ORLANDO -- Magic coach Doc Rivers called a timeout in the second half of Saturday's close game with Miami and delivered a Nostradamus-like prediction:

"I told the guys this game is going one way or the other," Rivers said. "Now, Miami is thrilled to death because this is their type of game, an ugly, slow death. Now we have to make a choice -- are we going to continue to let that happen, or are we going to resist?"

Nope. An ugly, slow death it was.

Miami broke the game open in the fourth quarter and pounded Orlando into submission 81-59. It was the Heat's 11th victory in its past 14 meetings with the Magic, an ugly Eastern Conference win broadcast regionally by NBC but better-suited for late-night cable.

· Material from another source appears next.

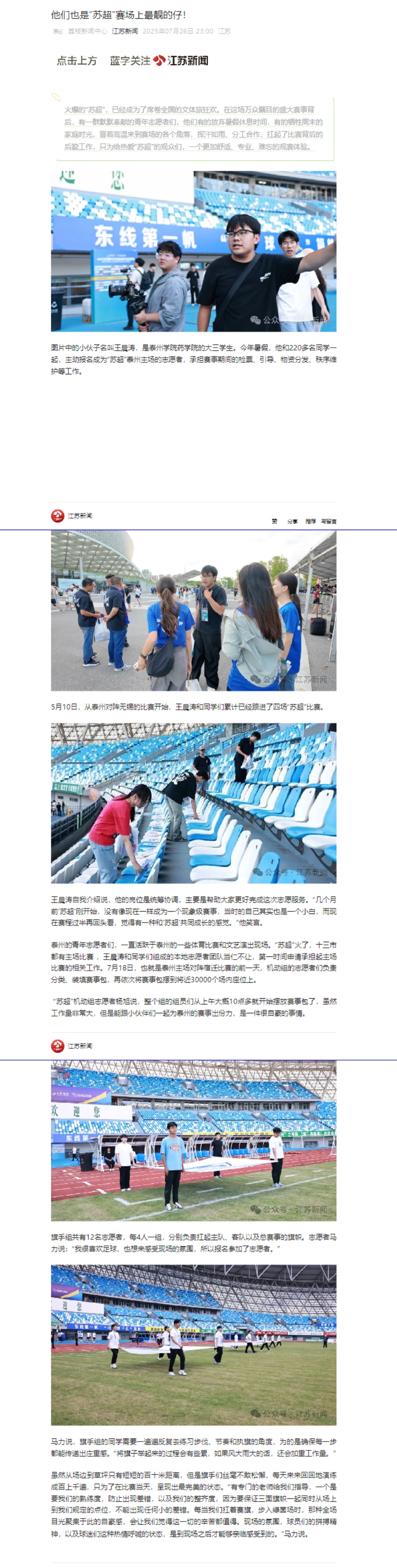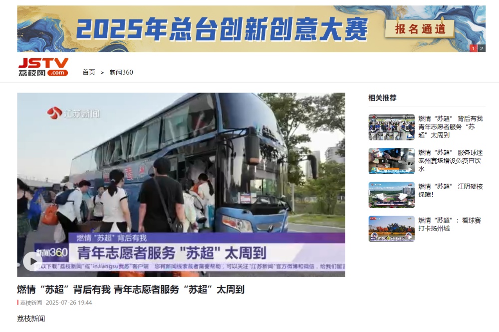 《江苏新闻》《荔枝网》2025年7月26日报道“苏超”背后的bat365青年志愿者

"That was a horrible game for us and a great game for Miami," Rivers said.

Heat coach Pat Riley watched his team display the physical virtues he so enjoys: hot shooting, gritty defense and a generous heaping of elbows.

Also, for the sixth consecutive game Miami put together a solid fourth quarter, outscoring Orlando 29-9. With 8:42 left, the Heat buried the Magic with a 26-5 run. That sent the TD Waterhouse Centre crowd of 16,286 to the exits.

Riley also delivered a second-half prediction to his team. He told it that just a few points would be needed to break either side. Like Rivers, he was right.

"We had to play three minutes of basketball," he said. "I said to them, the first team that gets seven or eight points ahead is going to deflate the other team because both teams were fighting uphill the whole game."

The Magic could do little right late. It hit 3 of 16 three-point attempts and made 18 turnovers that the Heat converted into 16 points.

Tracy McGrady led Orlando with 19 points and 15 rebounds, his ninth double double of the season. But the league's newest All-Star was the only Orlando player to reach double figures in scoring, shot 7-of-27, missed his last five shots and didn't score in the last 11:06.

McGrady said his team just ran out of fight.

"We hit them; they'd hit us. It was going back and forth," he said. "But in the second half they just hit us, and we stopped fighting."

Both teams looked inept offensively early, yet the Magic took a nine point lead with 5:11 left in the second quarter off McGrady's three. But the Heat narrowed its deficit to three at the half and kept chipping away.

Miami shot 29.4 percent in the third but raised that to 36.8 in the fourth. Brian Grant led the Heat with 18 points and 10 rebounds, and Eddie Jones had 15 points.

The Magic couldn't even make history. Orlando shot a horrid 23-of-80, 28.7 percent, which just missed the all-time franchise low of 28.6 set last season. The team also missed the all-time lowest offensive output by two points. The record is 57 against Cleveland in 1996. The Magic did make history by scoring a franchise-low 21 second-half points and tying an NBA record.

"We wanted to give you a preview of the Super Bowl," Rivers said.